Pour toutes les raisons que j’ai invoquées, le groupe Les Républicains votera cette proposition de loi, amendée par notre commission, portant fusion des filières à responsabilité élargie des producteurs d’emballages ménagers et des producteurs de papier. (Applaudissements sur les travées du groupe Les Républicains. – M. Michel Laugier applaudit également.)

Mme la présidente. La parole est à M. Daniel Chasseing.

M. Daniel Chasseing. Madame la présidente, madame la secrétaire d’État, mes chers collègues, hier, le Groupe d’experts intergouvernemental sur l’évolution du climat (Giec) a publié la synthèse de huit années de recherches concernant le changement climatique et, surtout, la limitation du réchauffement de notre planète à 1,5 degré Celsius. Il est prouvé que l’activité humaine a un rôle important dans ce dérèglement.
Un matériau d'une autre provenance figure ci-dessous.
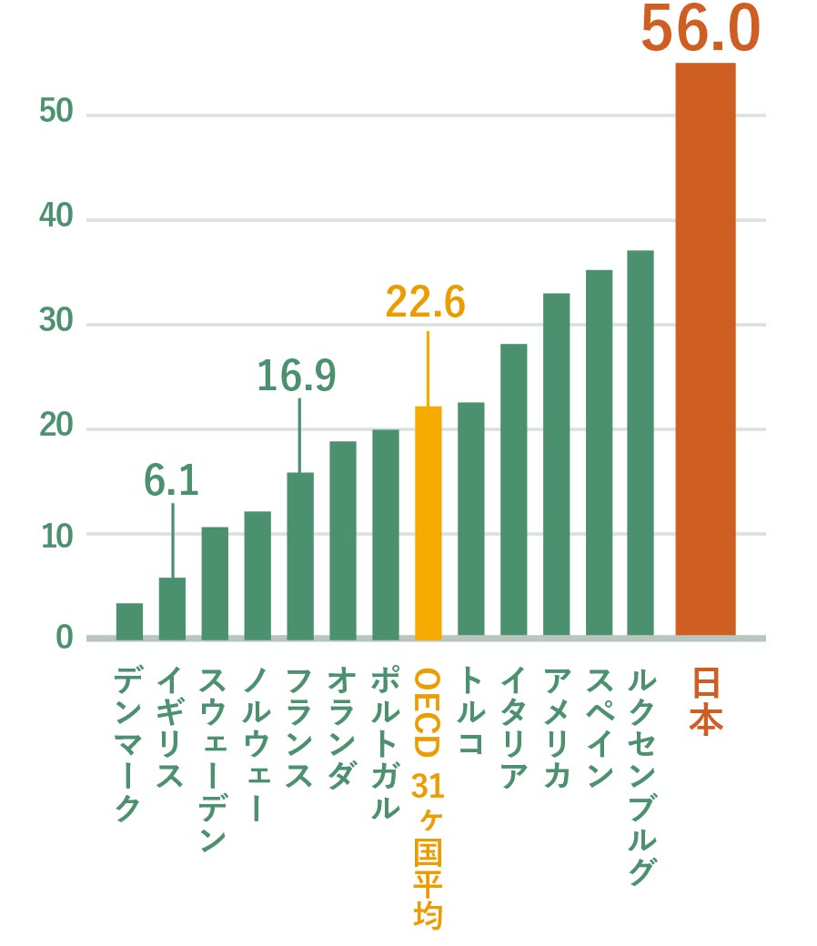 また、ひとり親世帯に限ると2人に1人が相対的貧困状態にあり、これはOECD諸国の中では最悪の数字となっています。

Je rappelle que le plus grand des pollueurs reste la Chine, qui représente à elle seule 33 % des émissions mondiales de CO2 soit 12 milliards de tonnes, avec une augmentation de l’activité des centrales à charbon. La France représente moins de 1 % de ces émissions, mais nous vivons tous sur la même planète et l’on y ressent déjà les conséquences du dérèglement climatique. Les crises et les aléas climatiques s’enchaînent, ce qui fragilise notre environnement et l’ensemble de la biodiversité.
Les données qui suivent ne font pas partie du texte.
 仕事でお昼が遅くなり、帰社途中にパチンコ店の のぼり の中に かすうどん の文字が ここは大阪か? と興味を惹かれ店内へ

Nous subissons déjà un manque inquiétant d’eau alors que commence à peine le printemps. Certains territoires sont déjà en restriction. Cela menace notre souveraineté alimentaire et plus largement notre économie.

De même, notre production d’énergie est directement touchée. Le secteur de l’hydroélectricité et celui du nucléaire devront s’adapter – des solutions techniques existent pour cela – à une ressource en eau moins abondante.

En effet, c’est bien d’adaptation qu’il est question. Nous devons faire évoluer nos modes de vie, nos industries, et cela passe par une économie circulaire.

La gestion des déchets et la lutte contre le gaspillage sont des sujets que nous avons largement évoqués dans cet hémicycle. Nous avions d’ailleurs introduit des apports essentiels lors de l’examen de la dernière loi sur le sujet.

La proposition de loi que nous examinons aujourd’hui s’inscrit dans la suite logique de la loi Agec, dans la mesure où elle vient finaliser la fusion progressive de deux filières REP, celle des emballages ménagers et celle du papier, qui avaient précisément été créées au sein de cette loi.

Lors des débats en commission, personne n’a remis en cause cette fusion, bien au contraire.

J’en profite pour saluer le travail de la rapporteure et de la commission. Le texte a été totalement réécrit afin de trouver un équilibre différent tout en gardant l’objectif principal de la fusion.

En ce qui concerne l’exonération de la presse – le point du texte qui a suscité le plus de discussions –, beaucoup étaient d’accord pour dire qu’une exclusion totale n’était pas la solution, en mentionnant le risque de fragilisation du système et de création d’un précédent qui en entraînerait inévitablement d’autres.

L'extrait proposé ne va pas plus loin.